Diamond Reo Trucks was an American truck manufacturer. In 1967, Diamond T and Reo Trucks were combined to form the Diamond Reo Trucks Division of the White Motor Corporation. Reo dated back to 1904 when Ransom E. Olds, founder of  Oldsmobile, began building motor cars, and Diamond T dated back to 1905 when C.A. Tilt began building vehicles.

In 1971, Francis L. Cappaert of Birmingham, Alabama, bought Diamond Reo from White and formed an independent company called Diamond Reo Trucks Inc. And, at about the same time the Diamond Reo C-116 series was introduced, which featured Cummins NTC-335, NTC-350, NTA-370 and Detroit Diesel 12V-71N engines. Despite new model introductions and excellent reputation Diamond Reo was forced into bankruptcy on December 6, 1974.

One year later Loyal Osterlund and partner Ray Houseal bought the rights to Diamond Reo trucks and made room to continue production in their Harrisburg, Pennsylvania, facility, originally a dealership and maintenance facility. The single model C-116 Giant was continued in production with the Cummins NTC-290 diesel engine as standard power.  Production for 1978 was 131 units.  By 1985, the Harrisburg plant was expanded to be able to produce 10 trucks per day, although output continued at about two per day. The company continued to build about 150 Class 8 trucks annually through 1995 all as Diamond Vehicle Solutions LLC.

In the early 2000s Diamond Vehicle Solutions marketed the T-Line series described as "a blend of vintage Diamond T heritage and modern engineering" The T-Line's series included one long-nose and two medium-nose models with the company manufacturing frames and other parts, and outfits basic cabs it obtains from Navistar; it offered Caterpillar and Cummins diesels, Eaton and Allison transmissions, and Dana and Meritor axles.
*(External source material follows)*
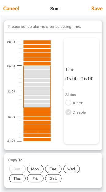 5. Select which times you want the PIR sensor to be enable or disabled. You can copy the schedule to other days of the week, then click Save.

These trucks were manufactured until 2010 with parts manufacturing lasting until 2013.

Recent developments
Diamond Vehicle Solutions is now doing business as T-Line Trucks & Chassis; and in May 2015, T-Line announced that it intended to resume production of Class 6, 7, and 8 trucks and tractors, mostly for vocational use. T-Line will also produce glider kits and complete "made-to-order" trucks.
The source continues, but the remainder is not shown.